What Is Web Accessibility?
It’s that time of the month again.
Salaries are in, bills have to be paid, you owe Jed lunch money from 3 months ago. Time to fire up the old bank account, whiz your moolah away over the internet—but what’s that?
Your menus are missing (if you can’t use a mouse). There’s no way to select your accounts from as a source of funds transfer (with just a keyboard). Whatever you’re trying doesn’t work. The app keeps telling you to swipe right to complete the transfer (but how can you, when you navigate it with voiceover software?).
If you have mobility issues—and that runs the gamut from arthritis to muscular dystrophy to a broken mouse—you won’t be able to use a mouse.
If you are visually-impaired or just have a broken screen, chances are you’ll navigate the web with just a keyboard and a screen reader.
When websites are not built with universal design in mind, large parts of the web are rendered inaccessible to those who cannot use it the way we assume everybody else does.
But as you click and scroll, the voice also reads you an audio map of the webpage you are on.
At the Rice Media banner, it might say “visited heading level one link. Rice.” Tab left, onto the category links, “Same page links. Link food. Food button menu collapsed. Link culture. Link current affairs. . . List end. Search region.”

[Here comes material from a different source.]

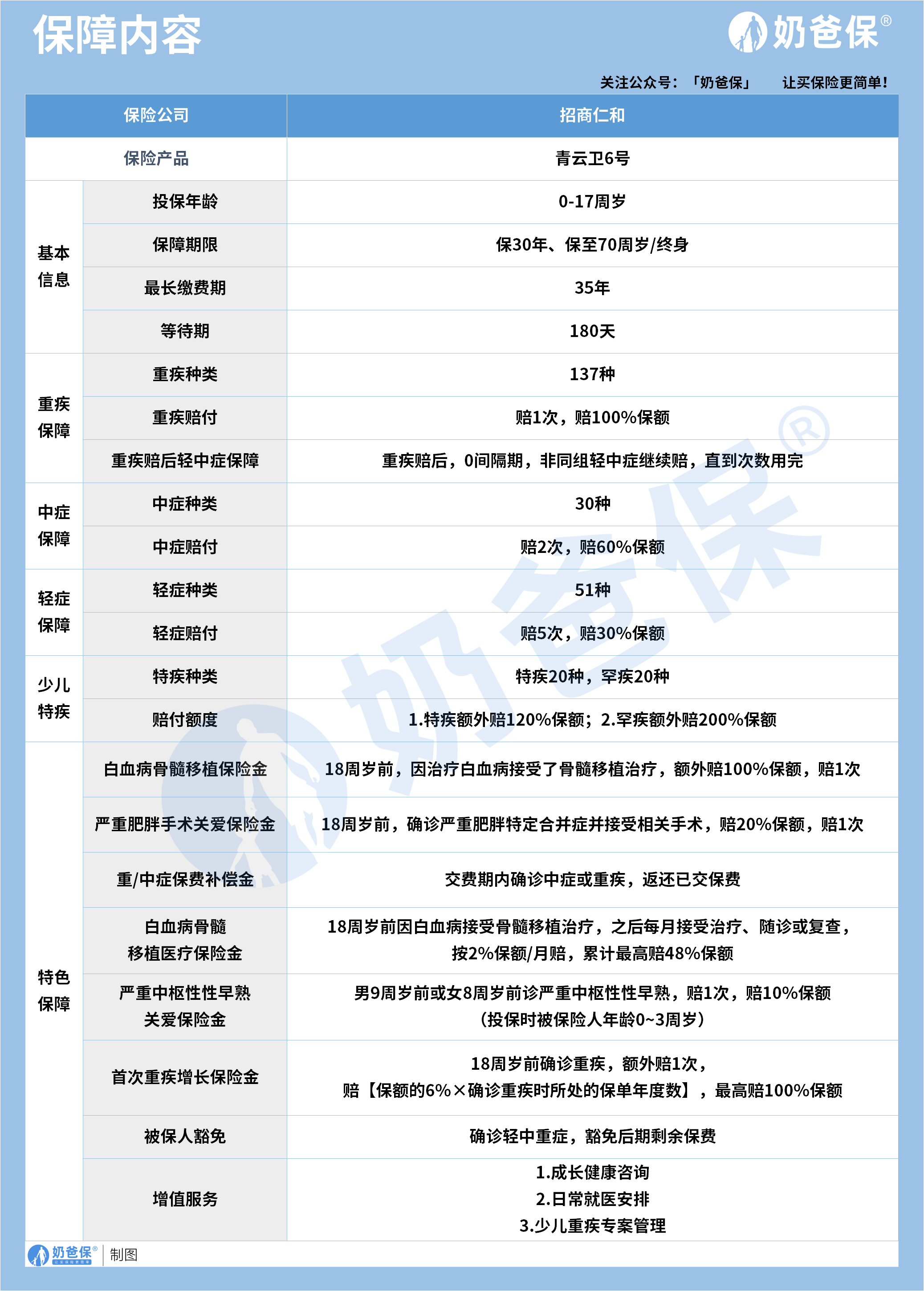 还覆盖了多种少儿特定疾病的额外保障,自带被保人豁免,

It reads title elements, navigation and regions, different levels of headings and so on—things sighted people don’t need names for, and take for granted because so much of the internet is visually accessible to us.
Now let’s say you want to return to the previous page of a form. There’s the back button. You click on it, and it takes you right back. Easy, right? But if you’re using screen reading software, and the website elements haven’t been properly labelled in code, when you navigate to the back button, instead of reading “button back” it now just announces “button”.

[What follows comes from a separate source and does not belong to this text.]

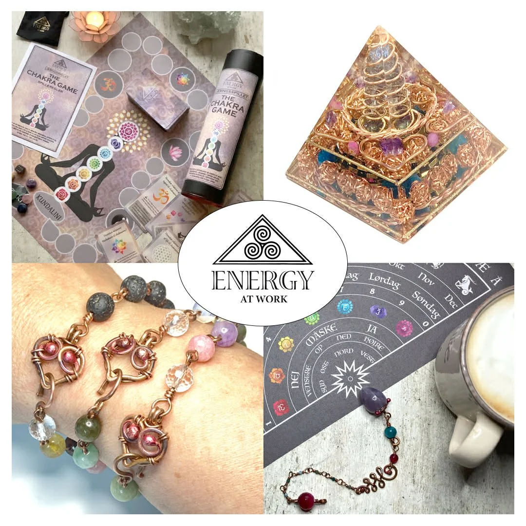 Helle Ljungberg fra Energy at Work skaber håndlavede energiredskaber som orgonitter, penduler, armbånd m.m. Alle er de unika lavet af Helle med fokus på intention, håndværk og nærvær.

What does this button do? Who the hell knows?
Maybe a pop-up’s popped up on your screen. You click on the X button to close it. But what happens if there’s no X button? For screen reader users, if a ‘close’ element has not been coded in, the pop-up is effectively silent. There is no way for the software to read it, and blind users can’t banish the pop-up.
We like to think of technology—in particular, the internet—as an arbiter of freedom and equity, but in many ways, it is also equally inaccessible to persons with disabilities (PWDs).
The majority of blind people are employed to work with a computer, but inaccessible sites contribute to them losing, on average, 30.4% of time. This time costs so much: promotions and pay rises, company productivity, the public perception that PWDs are not valuable company assets and should not be hired.
Don’t get me wrong—I’m not here to trash tech. It’s already an indispensable facet of life for so many, and done right, it can be a great boon for independent living.
But focusing exclusively on the benefits of technology for PWDs risks obscuring how some of our most-used technologies are, in fact, badly designed for persons with disabilities.
For persons with disabilities, an inaccessible web is more than just a source of frustration.
This has a direct bearing on PWDs’ participation in the workforce.
In Singapore, one of Asia’s most hyper-connected economies, very few people can afford to apply for a job without some sense of digital literacy. And the more tech-savvy you are, the better your job prospects. Where does that leave PWDs without equitable access to the web?
The majority of blind people, for instance, are employed to work with a computer, but inaccessible sites contribute to them losing, on average, 30.4% of time. And that time costs so much: promotions and pay rises, company productivity, the public perception that PWDs are not valuable company assets and should not be hired.
Web accessibility—and this also includes mobile applications—would also give those who need it tools to live more independently: order food, work from home, pay last-minute bills at 11:59 PM instead of 12:01 AM.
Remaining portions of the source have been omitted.